When you’re a writer, your work becomes your young and you have to go through the parenting cycle. A story starts out as a sentence, which you begin dressing up with all its special clothing. I always start with a diaper, because I need something to catch all the poo that issues from a first draft.
One has to feed a writing project with all the proper verbs, nouns and sentence structure. Of course you’d like to take your child out in a stroller or carrier, but this baby is a solo project; if you show off a work in progress, your family will love it even if it is full of poo, and your friends will be afraid to tell you it’s homely because they feel it will develop as it ages. In this case, they’re probably right.
If the story starts to talk, it’s gibberish at first, but once you’re past terrible page two it starts refusing things you want it to do and makes demands. Your stream of consciousness at three in the morning reads like a temper tantrum by the time you get around to reading it at noon the next day.

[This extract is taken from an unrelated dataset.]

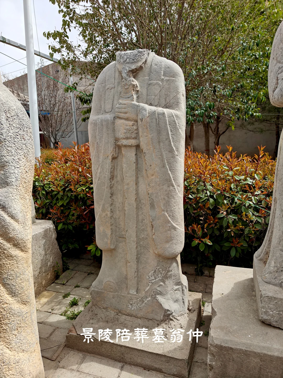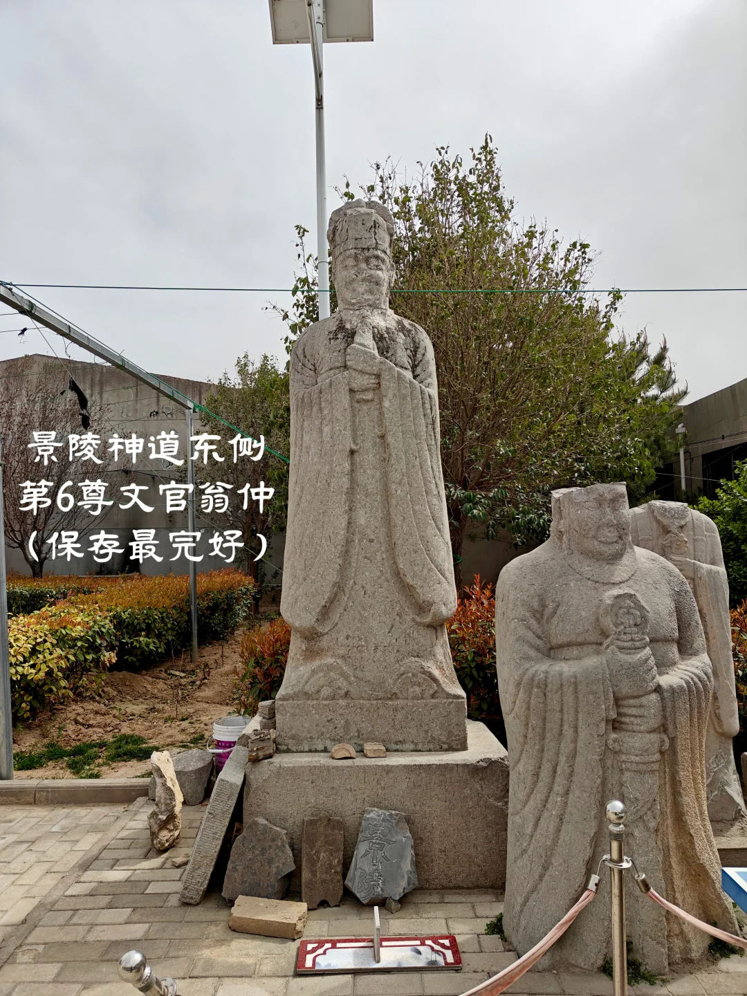 20世纪70年代,刘庆柱在《陜西唐陵调查报告》中记载景陵神道石刻:“石柱东者仆倒、残,西者佚。翼马存二。鸵鸟存西列,东列佚。仗马东列存南起第1、2、3、5,西列南起存第1、2、5。石人仅存东列二尊,其中一残一完好”。 这里提到的完好的一尊石人即为景陵东侧神道第6尊文官翁仲,目前已经迁至景陵文管所保护。

You give it a physical with spell check, even though it’s a pediatrician no parent really trusts. You innoculate it with anti-virus or protect it with a cloud as it grows, matures, rebels, and drives you batty. Finally, you sit and take a look at your child and wonder if it is really what you started out to do. You try to buy what you think are nicer clothes for it, dressing it up in prosy description or pleading to just let you cut a little off the top.
Finally it’s ready to go out on its own. The last words are spoken and you put a period at the end. It may not get married or get a degree, but it will let you know how it is doing once in awhile when it gets noticed and does well enough to send some money home. Unless you’re writing an expose’ and then you get sent all its dirty laundry.